In order to abstract out the differences between text encodings, I decided to implement the concept of a codec: a text coding and decoding module that can convert between a particular encoding and some general interface that the main editor uses.
As we saw in the last article, using a base class with virtual functions has two important drawbacks: the first one is that all access is through costly virtual function calls (at least, quite costly compared to raw byte-size character access), and the second one is that it most probably forces us to use full unicode for the arguments and return values.
So, I decided to implement the codec as a class which will be used as a template argument. There is one such class for each supported encoding (TCodecNativeSimple, TCodecForeignSimple, TCodecUTF8, TCodecUTF16BE, TCodecUTF16LE, TCodecDBCS, and TCodecGeneral). Each such class is not meant to be instantiated, and it doubles as an access mechanism to codec-defined specifics – that is, it only has public members, and it doesn’t have any member variables with the expection of const static members (C++ idiom for constant class-wide values).
For example, each of these classes contains a TLineDecoder class. So, we can instantiate a TCodec::TLineDecoder object in order to walk a line of encoded text char by char and do whatever specifics we may need.
But the greatest strength of this technique comes from defining types within each codec. Each codec aditionally defines a TChar type, which represents the preferred type in order to manipulate such text.

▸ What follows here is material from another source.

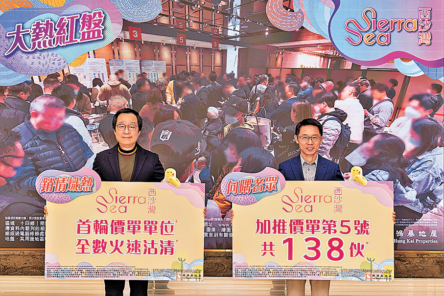 香港文匯報訊(記者 周曉菁)2026年新盤頭炮打響,新地旗下西沙SIERRA SEA第2A期周六開售213伙價單單位全數沽清,周日接連加推4號及5號價單,共涉211伙,折實價由350.1萬元起。新地副董事總經理雷霆昨表示,兩張價單價格略有不同,僅是樓層與景觀的分別,強調所有單位均屬原價加推。
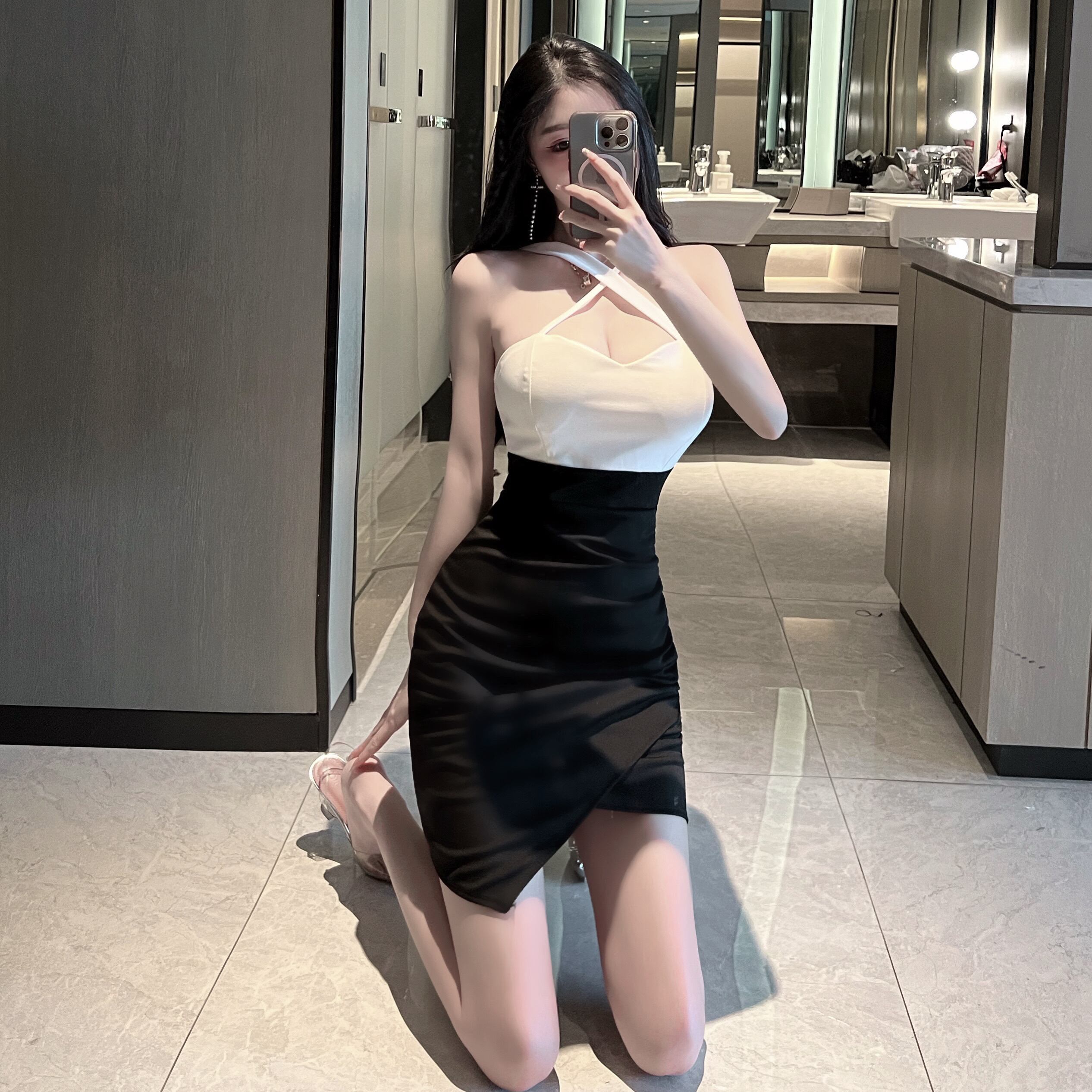 ナイトクラブナイトクラブ女性のセクシーな作業服ローカットディープVネックコントラストカラーバッグヒップクロスチューブトップサスペンダードレス micat72331517605

For example, the native-simple codec is used for the platform-native text encoding, but only when such encoding is a single-byte-per-char encoding (eg, US and European native codepages qualify, whereas Japanese and Korean native text is not handled by this codec). This codec doesn’t require converting the characters input by the user, and can be output via native Windows API calls. And the TChar type for this codec is a simple byte.
As another example, the foreign-simple codec is used for one-byte-per-char text encodings which are foreign to the current platform (for example, US-Windows-codepage in a machine using another codepage as native, Mac text on a PC, or any of the ISO encodings such as Latin1, etc…). Given that this text cannot be reliably represented in a single byte, the TChar type in this codec maps to TUCS4Char (a full 4-byte Unicode codepoint).

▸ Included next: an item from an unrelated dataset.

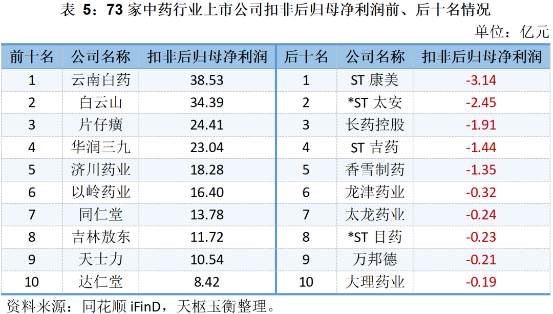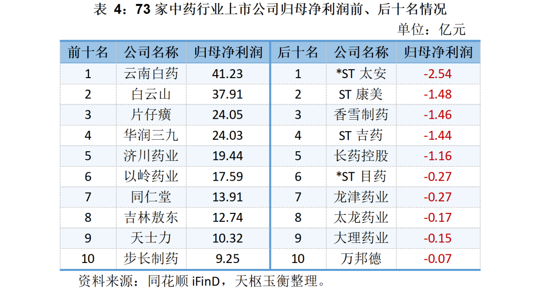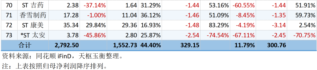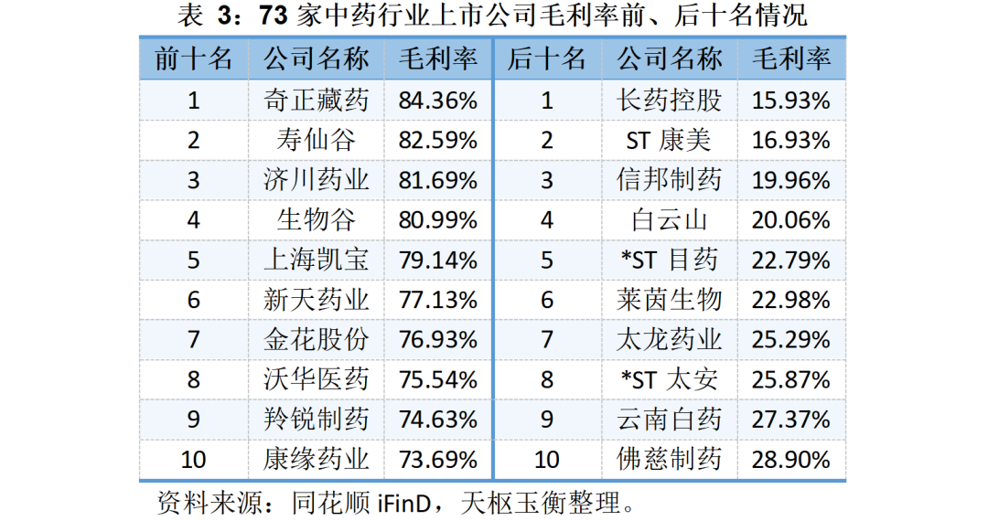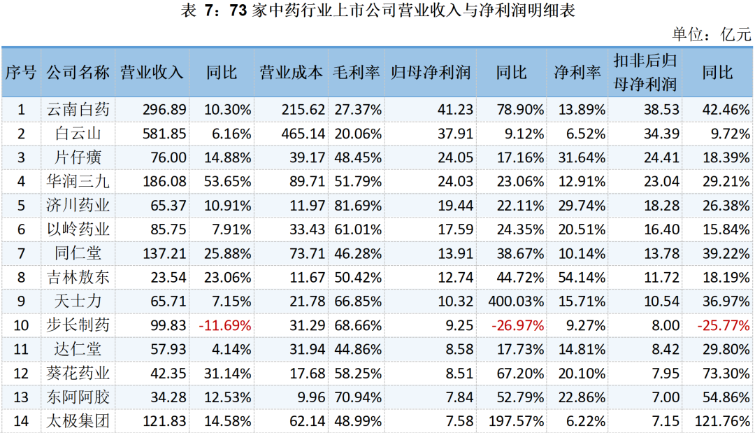 73家中藥上市公司的營收、毛利與凈利潤明細表如下所示:

We use this mechanism in order to map concepts in as many levels as we want. This allows us to map both high- and low-level concepts, so that we can have the required level of access in every part of the main application without performance getting hit. I really hate it when a concept that makes development much more comfortable makes a significant compromise in runtime performance.
Apart from operation classes (such as TLineDecoder) and basic types (such as TChar), the codec class also features some static const members, that represent features of the encoding. For example, all codecs have a c_bFixedCharWidth boolean member which indicates exactly that, whether encoded chars are all of the same byte length.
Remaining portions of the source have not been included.